But you can also with great respect keep the memory of an artist growing, is already preceded, but has left behind important works unfinished. Just as it happens in the case of Johnny Cash estate. Meanwhile, survivors and producer Rick Rubin ensure that nothing is sold at a loss.
The current publication has been re-designed with the utmost care: "American VI: Is not No Grave" appeared on 26 February 2010 78. Cash at birthday. The album contains the last tracks that Cash has recorded for the "American Recordings" series Rick Rubin. For most of the pieces were written in 2003, in the few months between the death of Cash's wife, June, and his own. With groundbreaking, but still no peremptory voice here turns a farewell CompaniesRecent which over looks already, one last time to us.
But what more takes: The album sounds like not a bit wistfully. A man who has lost his life companion and is even terminally ill, singing his last song - and he knows it! -, Sounding proud, courageous and life-affirming.
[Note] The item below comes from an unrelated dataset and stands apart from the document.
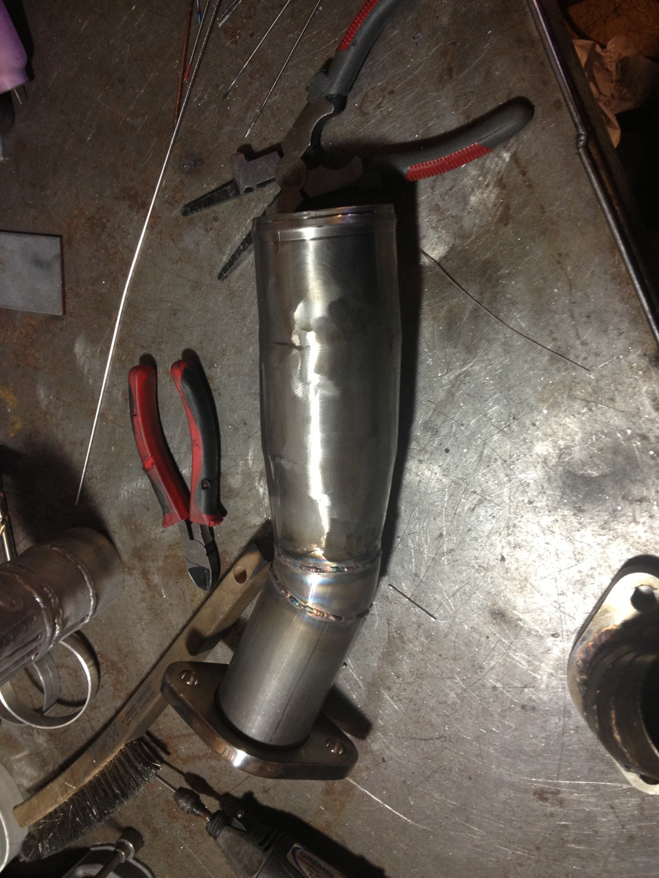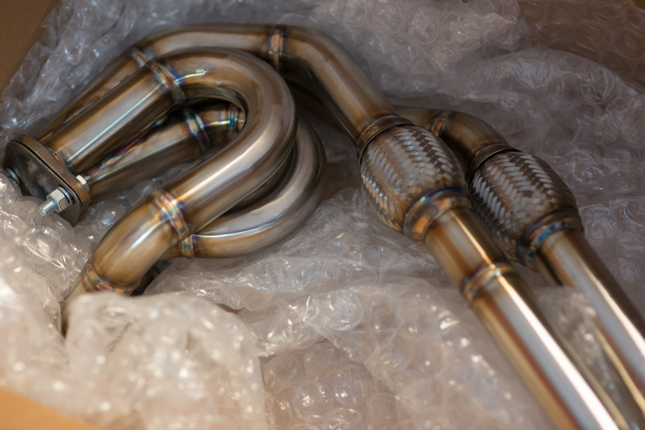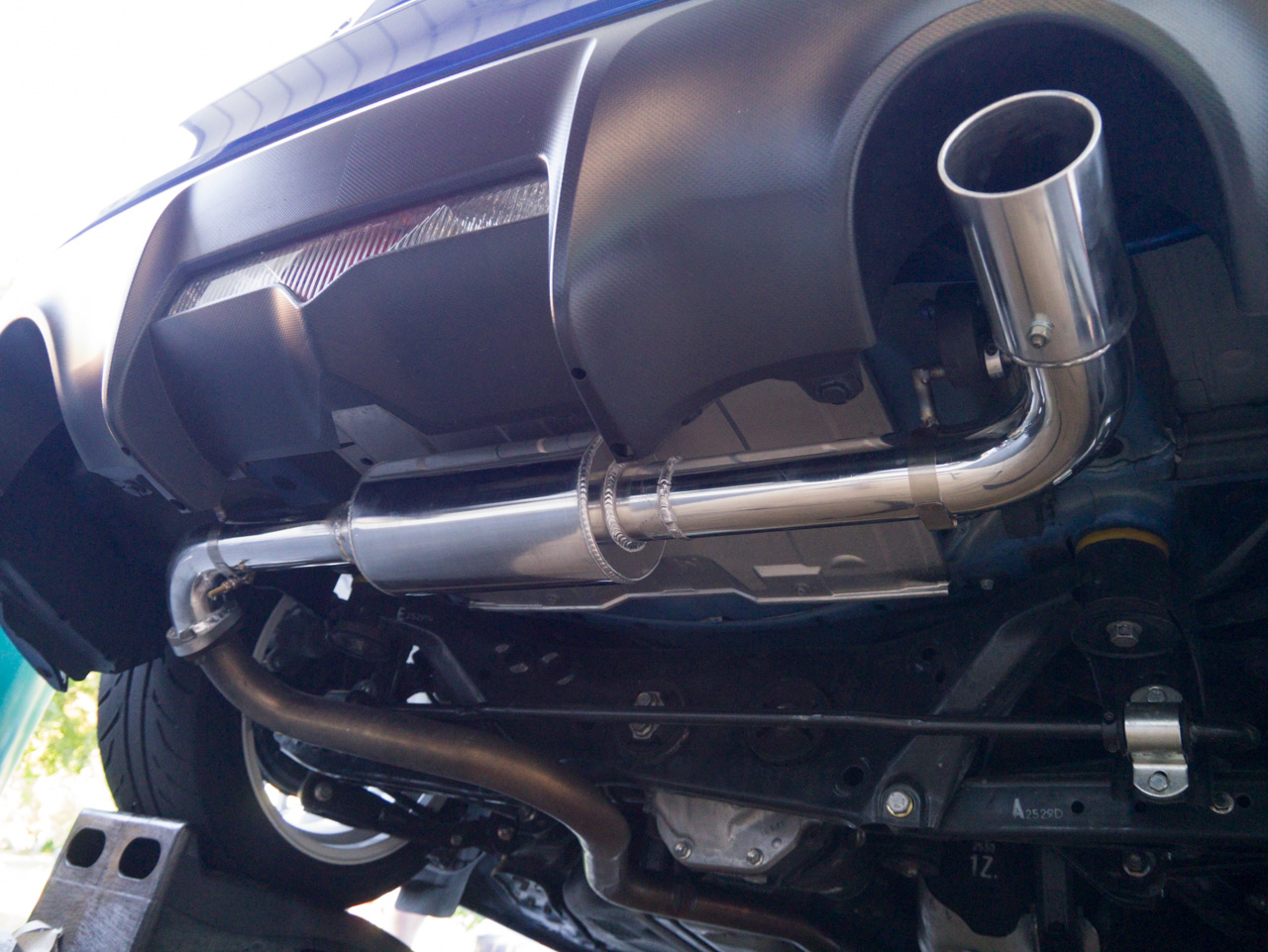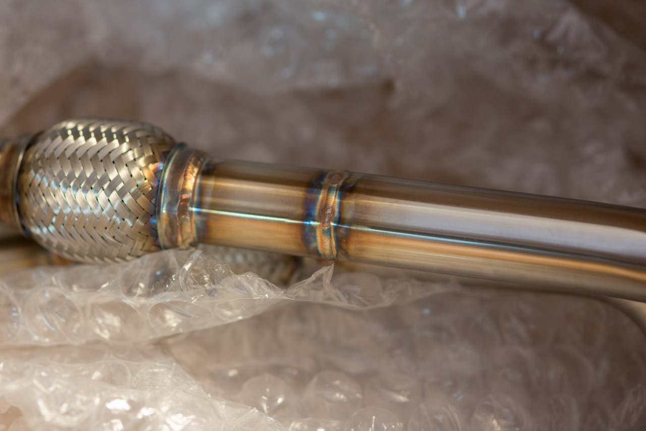 We started off playing with the intake while naturally aspirated. Stock snorkel: ![]() It is a bit small. So for kicks we made a simple aluminum version of a CAI, and it actually worked fairly well and sounded good, but did not yield any noticeable gains. We will hold out until something a bit more, lets say interesting, comes to the market. ![]() So back to playing with the exhaust. We made an aluminum axle back, as well as cat back. Using custom machined flanges the axle back ended up weighing in at about 4 lbs, and sounds absolutely wicked, without drone! These are likely going to be released later this year, we have 35 flanges here ![]() ![]() ![]() The exhausts were mocked up and sent our local autox racer for durability testing, who promptly destroyed the one prototype by driving in NYC low enough to be on the bumpstops! So much for the diff clearance...we'll stick to the axleback for now. Why we take our time testing this stuff... In the pursuit of power the suspension has plenty of room for improvement. A hotchkis rear sway bar and eibach front took place of the stock units. ![]()

In the central piece ("I Corinthians 15:55"), the only one which he himself composed, Cash set to music almost elated the Bible lines from the Letter to the Corinthians: O death, where is thy sting? Grave, where is thy victory?
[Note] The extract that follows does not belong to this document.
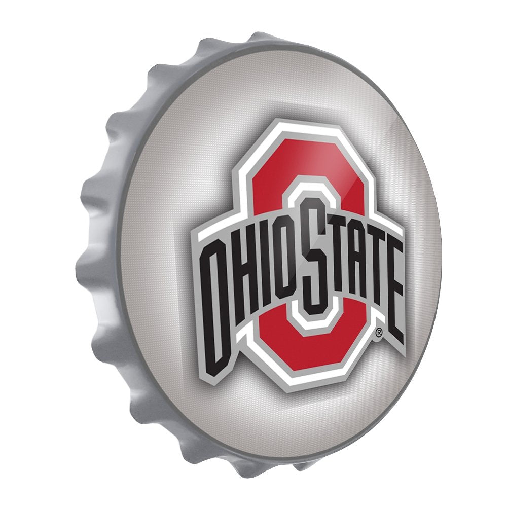 This Ohio State University large-scale replica bottle cap wall sign is sure to attract some attention. It is injection molded and features a high resolution digitally printed face with a high gloss finish. Its large size will show your pride for the Buckeyes and add immediate color and appeal to any room of the home or office. This is an officially licensed product of Ohio State and made in the USA.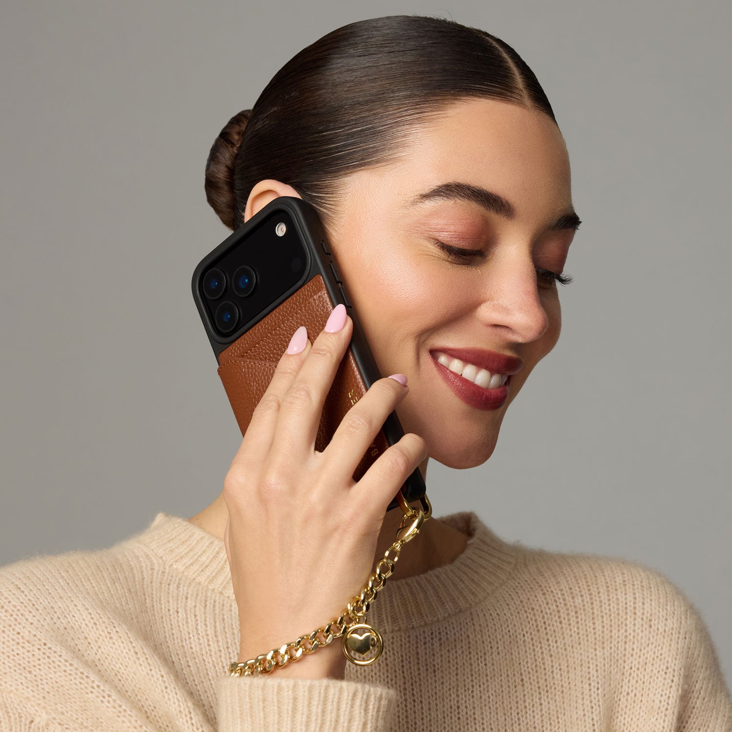 The Maya Wristlet phone case features 100% genuine leather and thick interlocking chain wristlet with two delicate charms. Each case is crafted with a soft microfiber inner lining and raised bezel edge.

Similarly, the key message of the first song, the traditional "Is not No Grave": "No grave can hold my body prisoner" singing cash, while the band is wild spooky, eerie chords. And in "Redemption Day" (by Sheryl Crow) Cash knows what awaits him at the end, after all the grief, the hunger and the other earthly tribulation when the railways reached the gate of heaven: Freedom.
The selection of songs is great, because this is not just about death, but about everything that makes life Johnny Cash. So we hear about a touchingly fragile version of Kris Kristof Fersens "For The Good Times", with the tender screened bottom, suddenly no longer sarcastic sounding line "Lay your head upon my pillow, lay your warm and tender body close to mine Hear the
Whisper of the raindrops blow softly against my window, make believe you love me, one more time ".
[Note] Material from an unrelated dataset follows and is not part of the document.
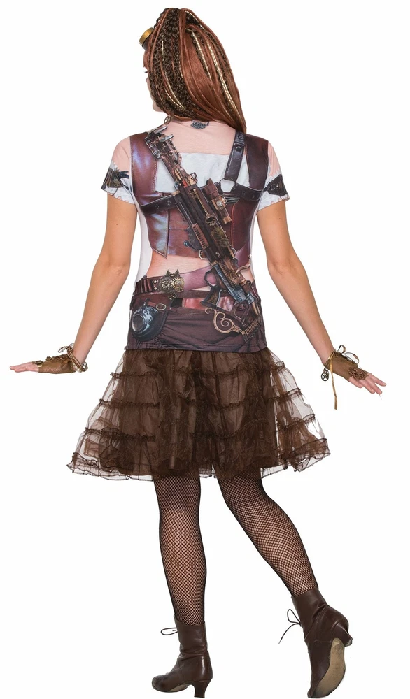 Adult Women's Steampunk 3D Shirt - This product includes 3 dimensional detailed character printed tee. It's a costume in an instant. Does not include wig, googles, gloves, net tights and shoes.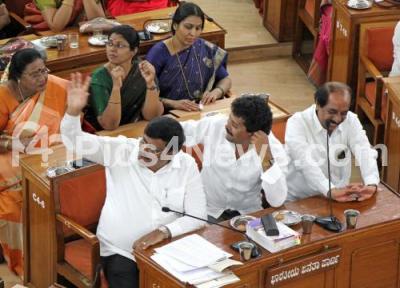 Photo Caption : BBMP BJP Councilors during BBMP Council meeting at BBMP office, in Bengaluru on Wednesday 27th February 2019

In "Satisfied Mind" again it is sung with the wisdom of a man who at the bottom, top and everywhere in between was: "No money can you buy back the youth when you're old, or a friend when you're lonely, or the love has grown cold. " And he also sings again the old protest song "Last Night I Had The Strangest Dream" and dreams clearly and powerfully from the end of the war - who dares that?
At the very end he says "Aloha Oe," and then he is gone, but not gone.